**Information shown:**

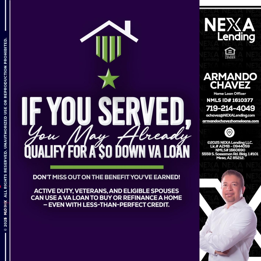 Hi, my name is Armando Chavez. I’m a Loan Officer with NEXA Mortgage LLC., offering personalized mortgage solutions, fast customized quotes, great rates and service with integrity.
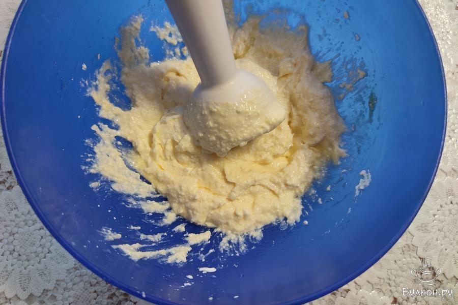 1. В подходящей посуде соединить творог любой жирности, сахарный песок и яйцо. Измельчить до однородности погружным блендером.
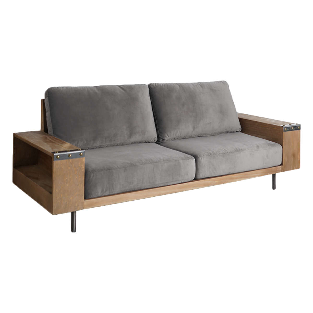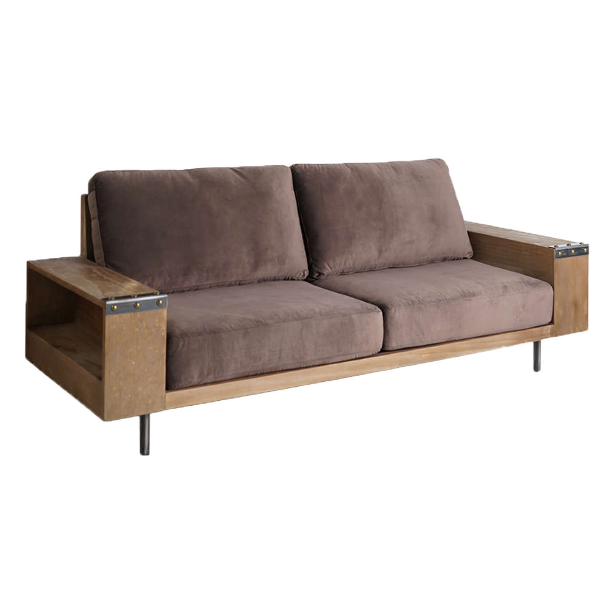 ソファ 幅198cm 2.5人掛け ジーク ラック付き ( リビングソファ 木製フレーム ソファー 完成品 木製 天然木 ヴィンテージ調 肘掛け サイド収納 棚付き ファブリック スチール脚 耐荷重100kg 丈夫 sofa ) 【ブラウン】
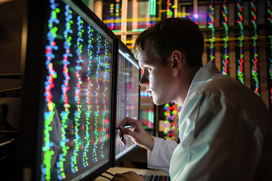 Bioinformatics scientists analyze genomic data on computers, deciphering genetic codes to uncover insights into diseases, evolutionary relationships, and biodiversity.

**What this task involves:**
The listing must be repeated word for word, and none of its pictures may appear in the copy.

**Output for this exercise:**
 Hi, my name is Armando Chavez. I’m a Loan Officer with NEXA Mortgage LLC., offering personalized mortgage solutions, fast customized quotes, great rates and service with integrity.
 1. В подходящей посуде соединить творог любой жирности, сахарный песок и яйцо. Измельчить до однородности погружным блендером.
 ソファ 幅198cm 2.5人掛け ジーク ラック付き ( リビングソファ 木製フレーム ソファー 完成品 木製 天然木 ヴィンテージ調 肘掛け サイド収納 棚付き ファブリック スチール脚 耐荷重100kg 丈夫 sofa ) 【ブラウン】
 Bioinformatics scientists analyze genomic data on computers, deciphering genetic codes to uncover insights into diseases, evolutionary relationships, and biodiversity.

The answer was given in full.